- _Exercise directions_:
Pictures excluded, please transcribe exactly the lines from the one with "Black and ginger" through the end of the records below, and nothing more.

Data entries
◇ ◇ ◇ ◇
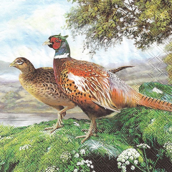 2 serviettes en papier découpage collage 33 cm FAISANS
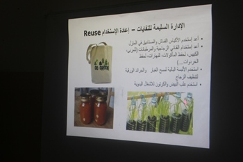 فتمّ تعريفهم بأنواع النفايات وكيفية فرزها ومن ثم كيفية إعادة تدوير النفايات الصلبة للأفضل، وقد تمّ وضع خطة مع التلامذة لفرز النفايات الصلبة وإرسالها الى المدرسة لإعادة تدويرها للأفضل في نادي الأشغال الفنية وحصص التربية الفنيّة. كما تمّ إطلاق مسابقة فنيّة للتلامذة بإعادة تدوير النفايات الصلبة الى مشاريع فنية.
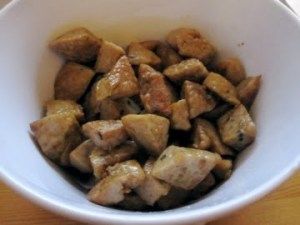 Once browned, I took the sausage pieces out of the pan and set them in a bowl.
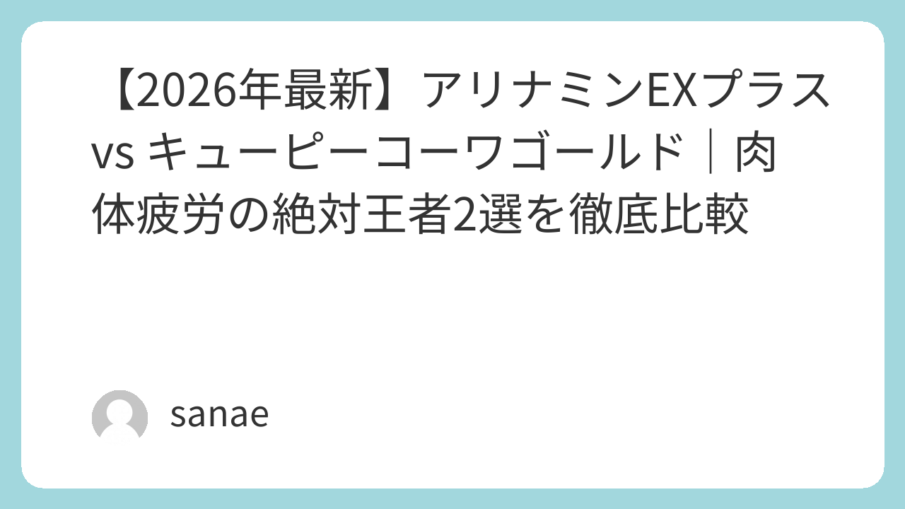 【2026年最新】アリナミンEXプラス vs キューピーコーワゴールド|肉体疲労の絶対王者2選を徹底比較
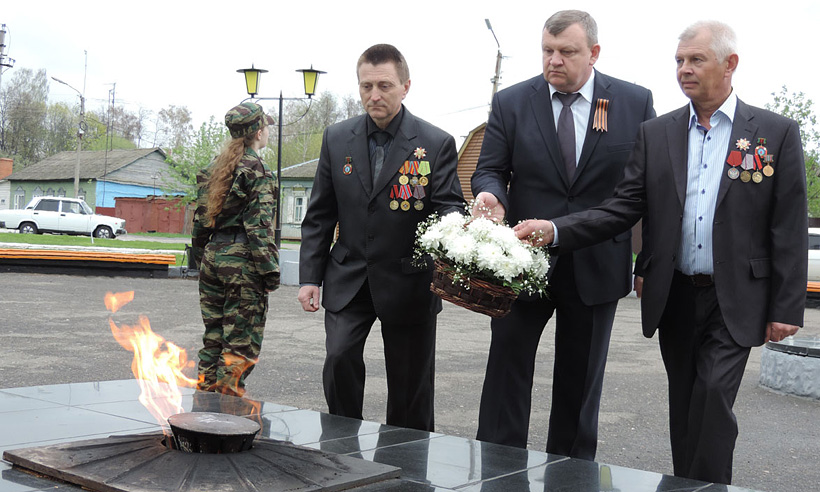Глава администрации Александр Чебыкин и ликвидаторы Николай Дорохов и Николай Цуренков возложили цветы к мемориалу «Память».
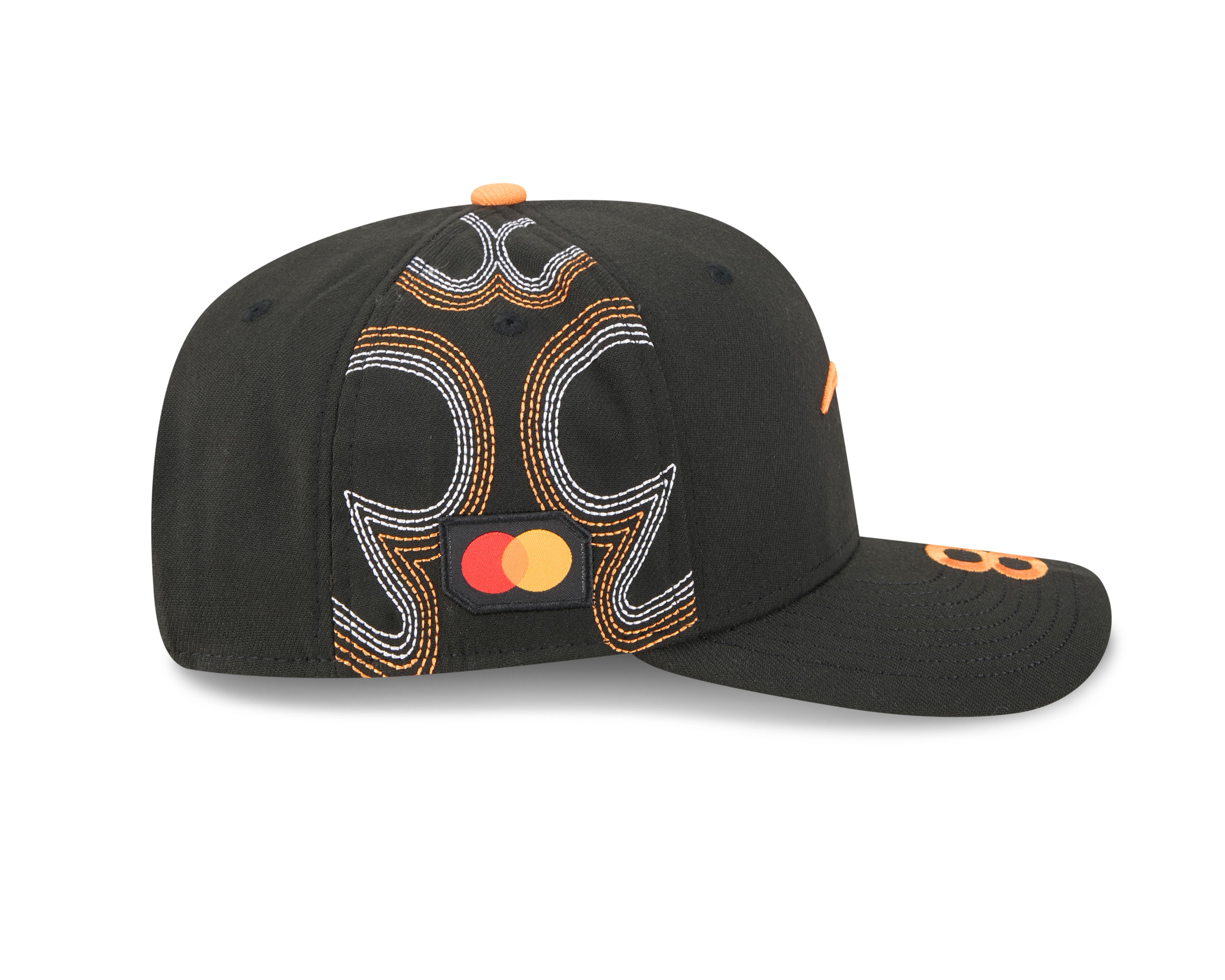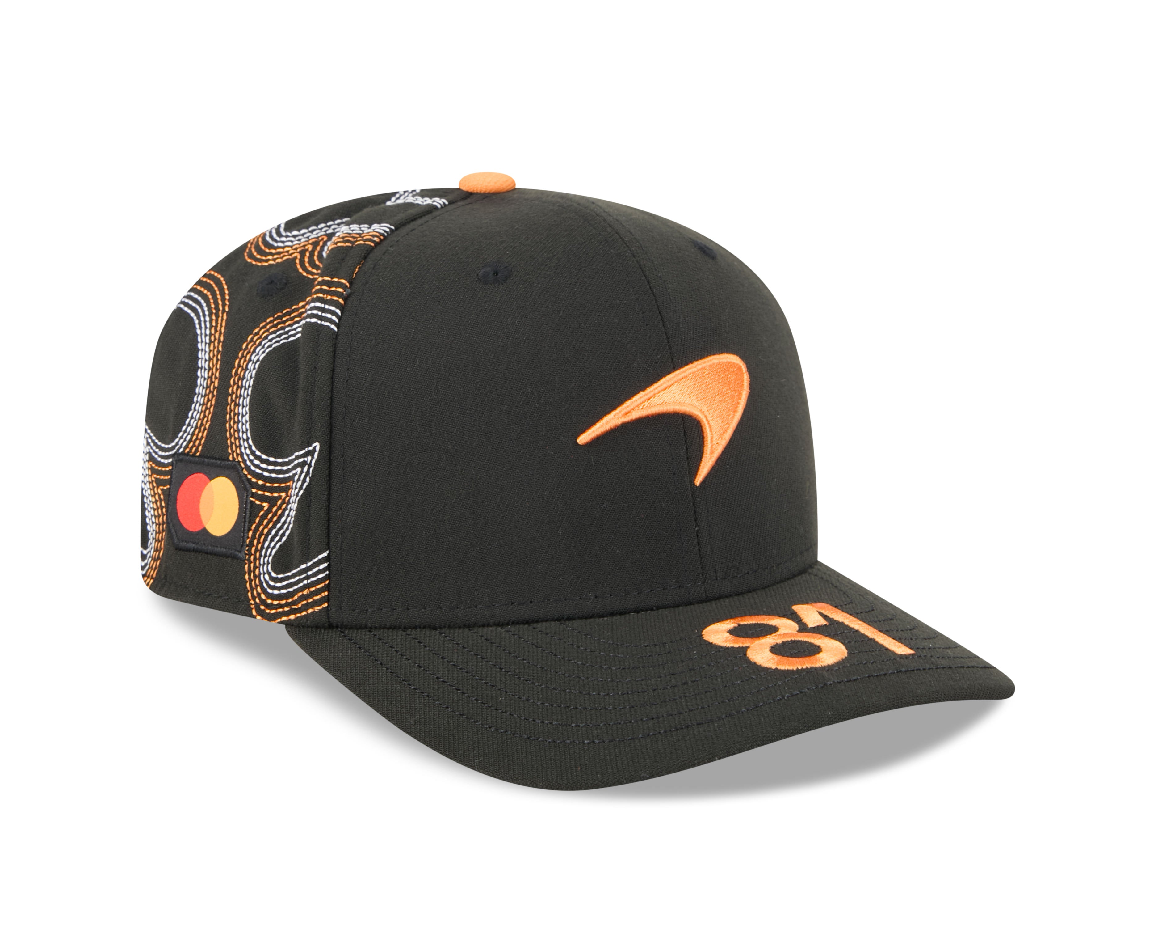Celebrate the thrill of Austin with the Oscar Piastri Mexico Race Special 9SEVENTY Stretch Snap Cap! Dressed in sleek black with patterned mid panels, it features the McLaren Speedmark front logo, Mastercard side patch, and Oscar’s number 81 proudly atop the visor. His initials under the brim and a woven McLaren Racing label on the rear arch add authentic fan flair, while the New Era Flag completes the look. With a structured crown, curved visor, and stretch snap fit, this cap is comfy, stylish, and ready for race day—on or off the track.
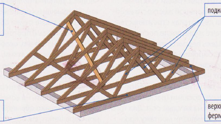 Основу крыши составляет стропильная система в виде треугольных деревянных ферм. Основной элемент фермы - стропильная нога, которая является опорой обрешетки, на которую крепится кровля. Стропила могут быть наслонными или висячими. А стропильная система - распорной, безраспорной и смешанной. Распорная система с висячими стропилами. Стропила сходятся на коньке и опираются только на стены здания, создавая распирающие силы, действующие на стены дома. Чтобы компенсировать это воздействие между стропилами монтируется горизонтальный элемент - затяжка...
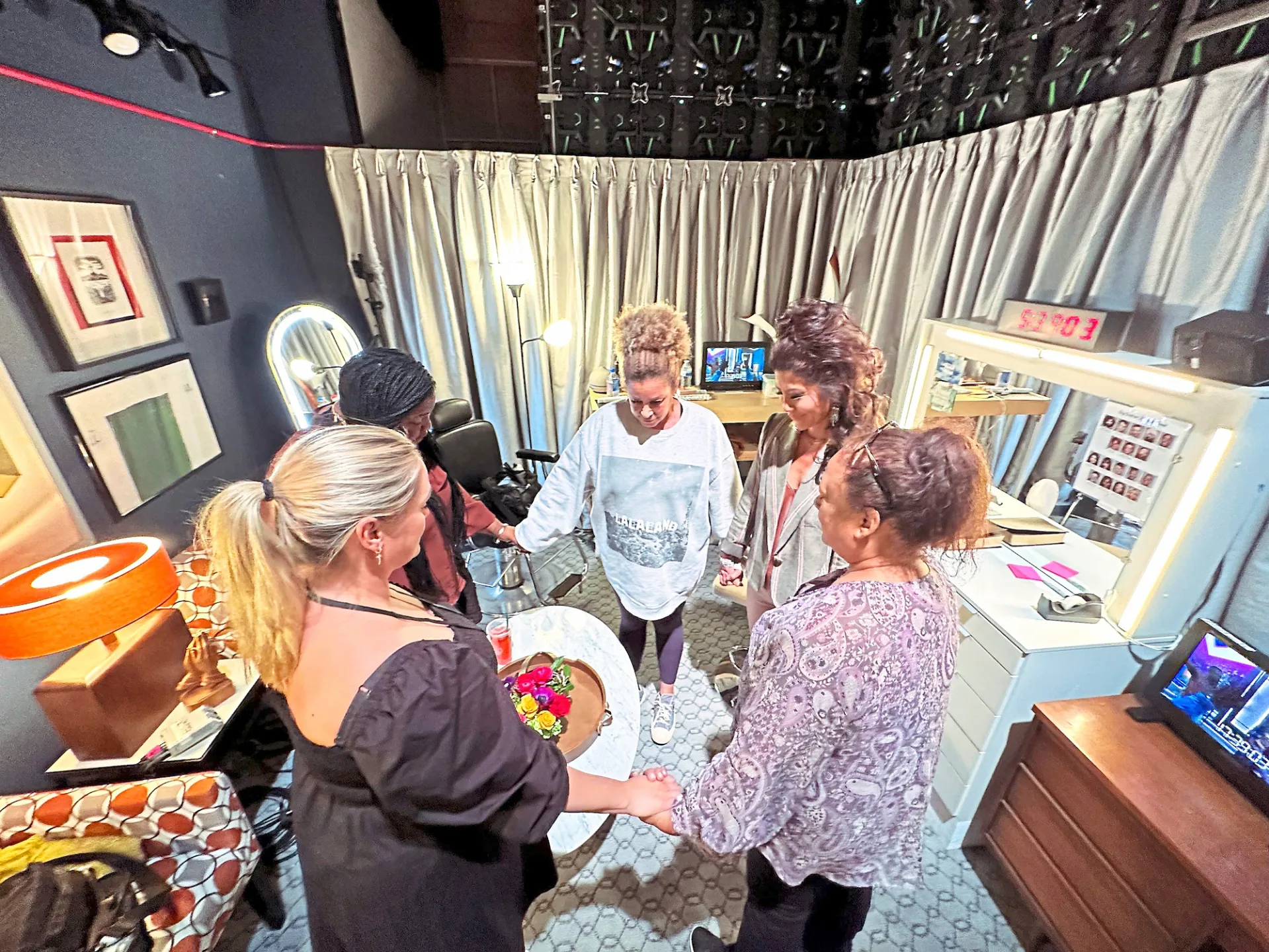 “Mic’d up and ready to go for a sound check followed by a quick rehearsal of the open of the show,” she tells Us about her final preparations before going live.
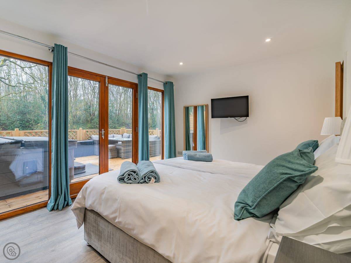 Waterside Lodge Two is on the edge of Ashgrove Country Park, between Elland and Brighouse. It's a wooden lodge set across from a lake. You get your own deck with a hot tub overlooking the water.
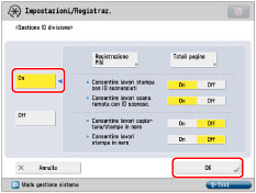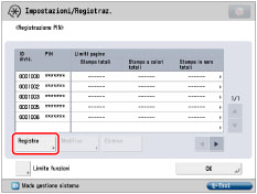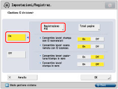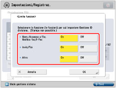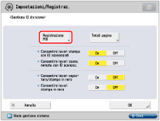 Se Gestione ID divisione è stata attivata tramite il Copy Card Reader-F1, non sarà possibile registrare/eliminare gli ID divisione.
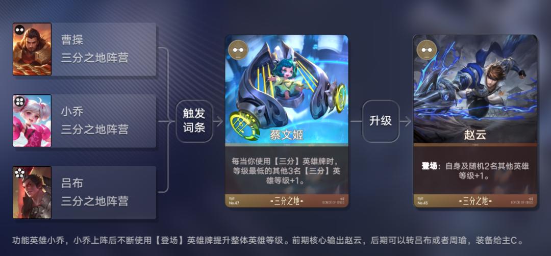Take the "Three Kingdoms" camp that the author often uses as an example. After awakening, Diaochan's "On - Play" effect can increase the level of heroes in the same camp by 2. Zhao Yun can increase the level of himself and two random heroes by 2. Cao Cao's "Prepare" effect can randomly trigger the "On - Play" effects of two heroes in the same camp, and Xiao Qiao can increase the level of all heroes by 1 whenever a hero triggers an "On - Play" effect. Just Cao Cao can bring a total level increase of more than 25 to the team every round. Moreover, there are also many powerful effect cards for a single camp in the game.
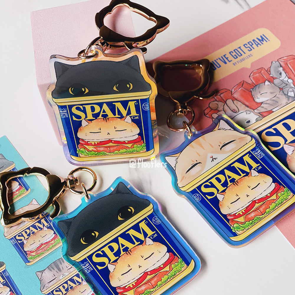 Black and ginger floofs spamming on each side of this double-sided rainbow acrylic piece, reflecting light in a splash of colours.
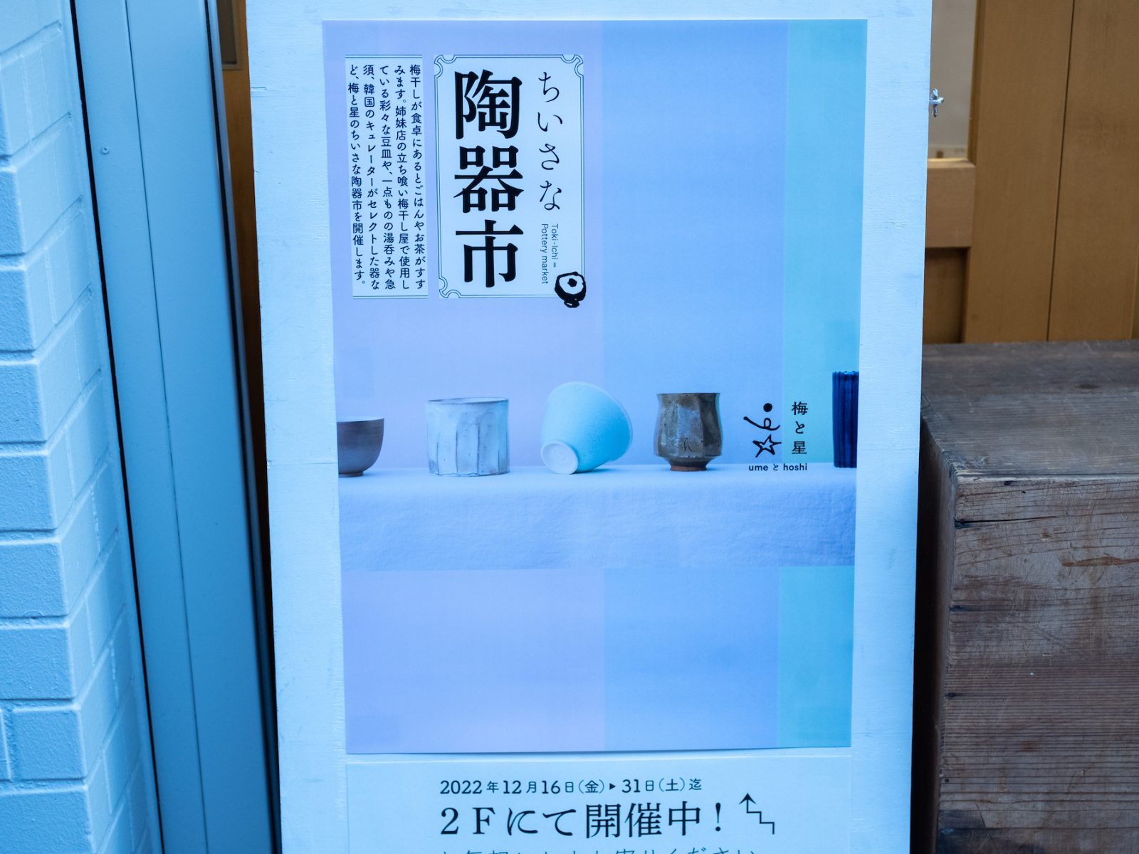 『韓国定食』は明日18日の日曜日まで、『ちいさな陶器市』は12月31日まで「梅と星」の2階のスペースで開催されています。ぜひ、お立ち寄りください。
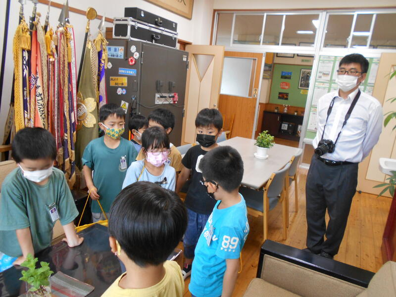 1,2年生が生活科の学習で学校探検をしました。二班に分かれ、2年生がリードして1年生を案内していました。校長室や職員室は教室にはないものがたくさんあり珍しそうでした。校長室では、トロフィーや優勝旗、職員室では大きなカレンダーや沢山の鍵について興味津々でした。
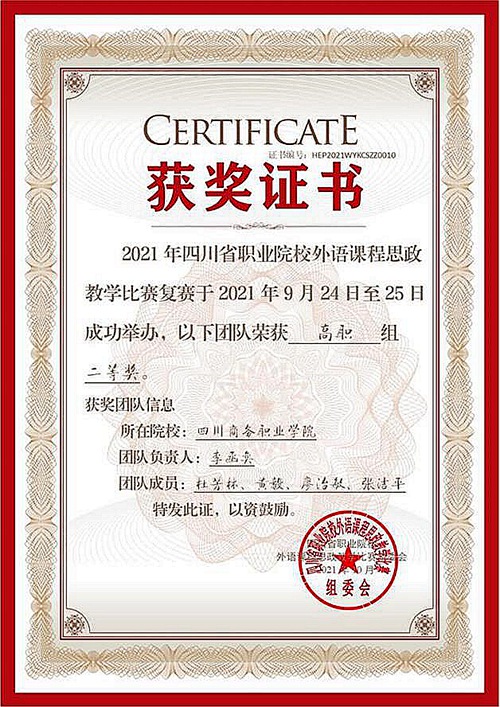 9月25日,在四川省教育厅主办的“2021年四川省职业院校外语课程思政教学比赛”中,经学院遴选推荐、大赛组委会组织专家评审,省级现场复赛,共16支高职院校参赛团队获得省赛单项奖,获奖率为36%。由万象城经济贸易系英语教师李函奕负责的团队获省赛二等奖。
◇ ◇ ◇ ◇
- _Response area_:
 Black and ginger floofs spamming on each side of this double-sided rainbow acrylic piece, reflecting light in a splash of colours.
 『韓国定食』は明日18日の日曜日まで、『ちいさな陶器市』は12月31日まで「梅と星」の2階のスペースで開催されています。ぜひ、お立ち寄りください。
 1,2年生が生活科の学習で学校探検をしました。二班に分かれ、2年生がリードして1年生を案内していました。校長室や職員室は教室にはないものがたくさんあり珍しそうでした。校長室では、トロフィーや優勝旗、職員室では大きなカレンダーや沢山の鍵について興味津々でした。
 9月25日,在四川省教育厅主办的“2021年四川省职业院校外语课程思政教学比赛”中,经学院遴选推荐、大赛组委会组织专家评审,省级现场复赛,共16支高职院校参赛团队获得省赛单项奖,获奖率为36%。由万象城经济贸易系英语教师李函奕负责的团队获省赛二等奖。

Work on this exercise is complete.